Backflow Prevention – What is it and Why Do We Need it?
Backflow Prevention –
What is it and Why Do We Need it?
Cross-connections in plumbing are defined as actual or potential connections between a potable and non-potable water supply. This can constitute a serious public health hazard. There are numerous well documented cases where cross-connections have been responsible for contamination of drinking water and have resulted in poisoning and or the spread of disease through the water.
This problem is a dynamic one because piping systems are continually being installed, repaired, replaced, or extended. Control of cross-connection is possible, but only through knowledge and vigilance. Under Public Law 99-339, the “Safe Drinking Water Act” (SDWA) was passed in 1986. This act placed the water purveyor with the primary responsibility for preventing water from unapproved sources, or any other substances, from entering the public water system.
All Municipalities with public water systems are required to have a cross-connection control program in place to protect the water supply. Backflow prevention devices are installed on water supply systems for this reason.
TYPES OF BACKFLOW DEVICES
There are many types of backflow devices, but there are only three types that can be tested:
1. Pressure Vacuum Breakers – PVB
These vacuum breakers are used where a condition of back-siphonage could occur. Back-siphonage can be the result of a total loss of pressure within the system due to a breakage in the main supply piping or other reasons. The pressure vacuum breaker is a mechanical device consisting of one spring loaded air inlet valve on the discharge side of the device. This device includes shut off valves and test ports on each end of the device. They are used in low or high hazard conditions.
2. Double Check Valve Assemblies – DCVA
The double check valve assembly is a mechanical device that consists of two spring loaded check valves. This device includes shut off valves and test ports on each end of the device. This device is effective against back pressure and is used to isolate low hazard pollutants (non-health threatening/non-toxic).
3. Reduced Pressure Zone Assemblies – RPZ
The reduced pressure zone assembly is a mechanical device that consists of two spring loaded check valves and a relief valve. This device includes shut off valves and test ports on each end of the device and can be used for backpressure, back-siphonage, and it can be used in toxic or high hazard conditions.
WHAT IS REQUIRED
A backflow prevention device needs to be inspected annually. The 2018 Uniform Plumbing Code in section 603.2 states:
Devices or assemblies installed in a potable water supply system for protection against backflow shall be maintained in good working condition by the person or persons having control of such devices or assemblies. Such devices or assemblies shall be tested at the time of installation, repair, or relocation and not less than on an annual schedule thereafter, or more often where required by the Authority Having Jurisdiction (AHJ). Where found to be defective or inoperative, the device or assembly shall be repaired or replaced. No device or assembly shall be removed from use or relocated without the approval of the AHJ. Testing shall be performed by a certified backflow assembly tester in accordance with ASSE Series 5000 or otherwise approved by the AHJ.
WHAT THE RESPONSIBLE PARTY SHOULD KNOW AND DO
1) Backflow devices are not limited to being installed on the main water line into the building from the water purveyor. You may also have them throughout the building on supply lines to equipment or machinery within the building.

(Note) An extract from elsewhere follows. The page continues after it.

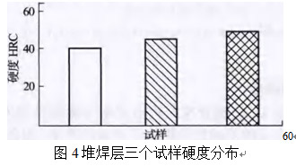 三個(gè)試樣硬度分析結(jié)果如圖4所示。由于鎳基堆焊合金層存在較高的cr,會(huì)形成更多化合物相,且其組織細(xì)小均勻,硬度較高,滿(mǎn)足耐磨性的要求。
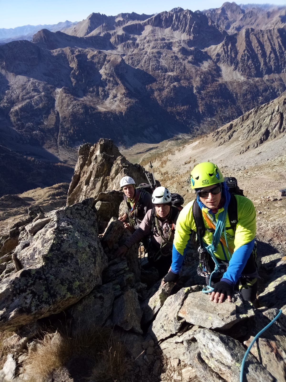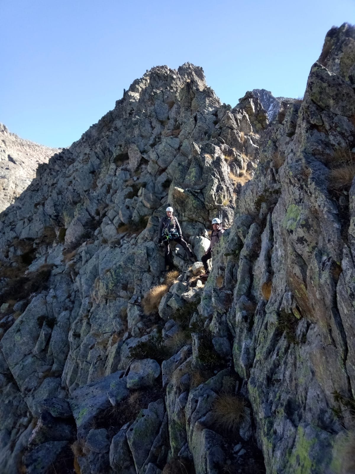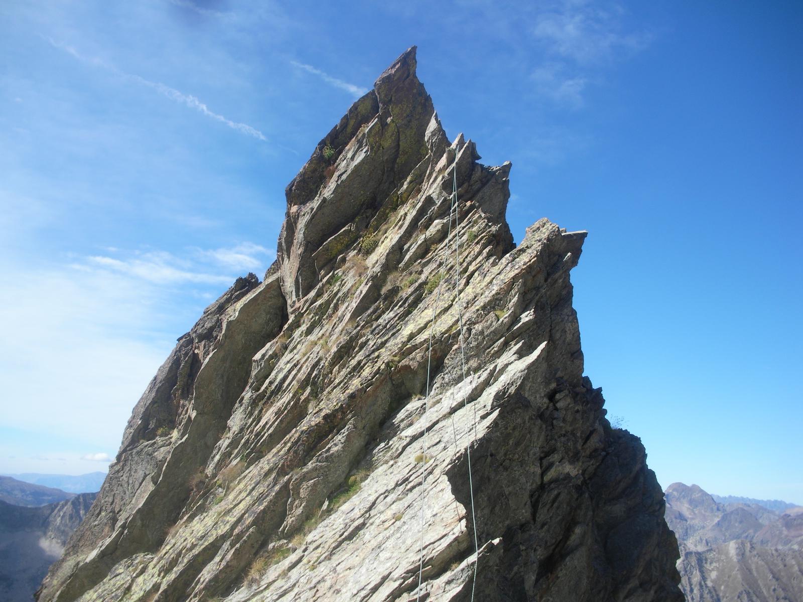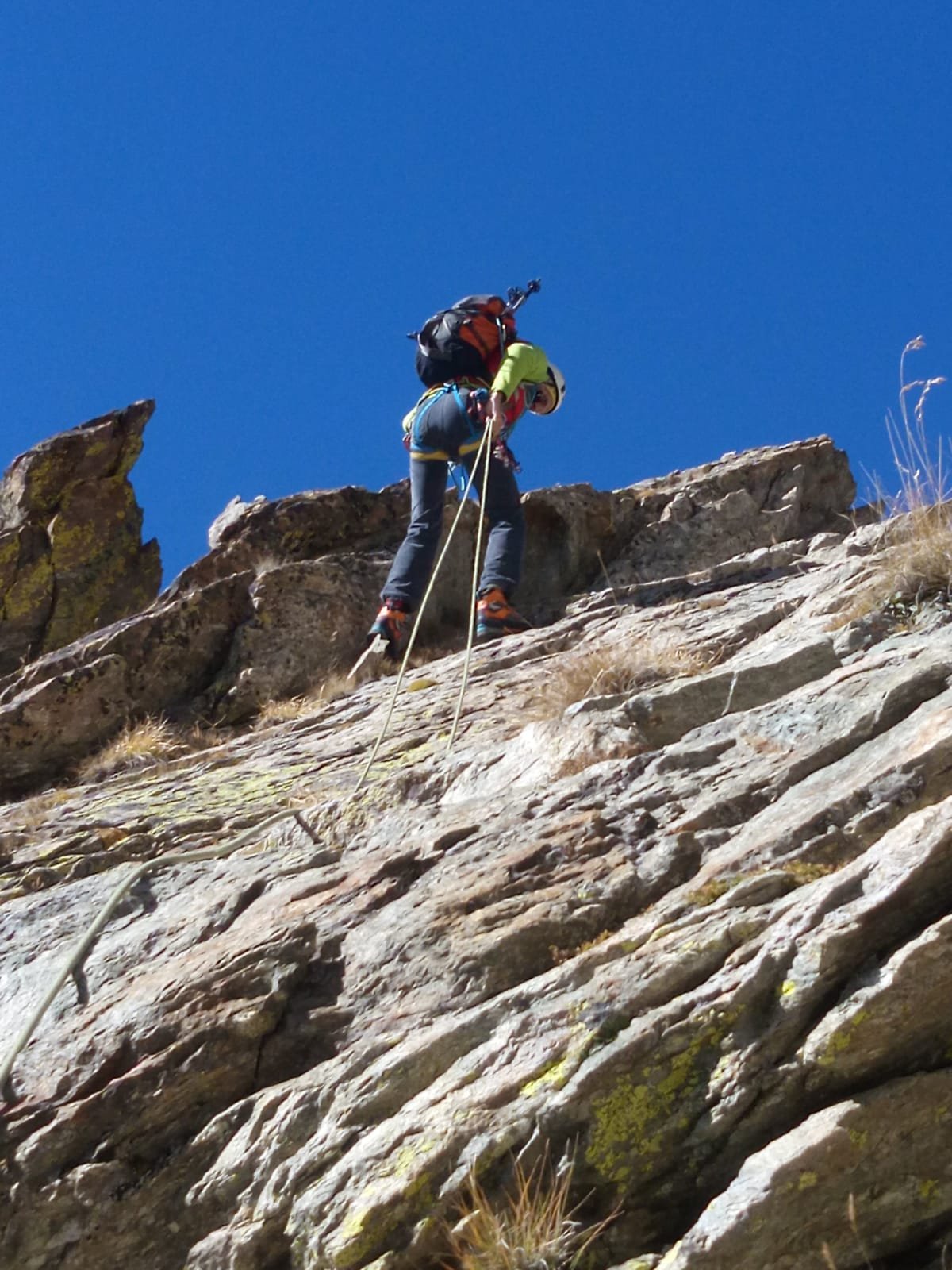 Per scendere dalla Punta Berardo-Alloa alla forcella Varrone c’è una sosta (cordino+fettuccia) per una doppia da 15 m.

These are installed to protect the occupants within the building from a potentially hazardous condition. They should also be set up on an annual inspection plan.
2) If you are responsible for the safe operation of any backflow device you should partner with an experienced, licensed, certified, and insured backflow tester. Qualified testers are individuals who have passed an approved certification course and hold a valid license to test and repair or replace the devices. They may work alone as a sole proprietor or be employed by a larger company. Regardless, find someone who is knowledgeable on the various devices and knows what the local codes require in your area. They should be knowledgeable on how the device operates, how it should be properly installed, what the testing parameters are, and how to file all necessary documentation and/or permits that may be required for the work.
3) The testing procedure usually takes about 30 minutes. During this time the water will need to be shut down on the water line where the device is installed. Oftentimes this could be the entire building.
4) Backflow devices are well designed. Most all devices can be repaired. Replacement is not always necessary.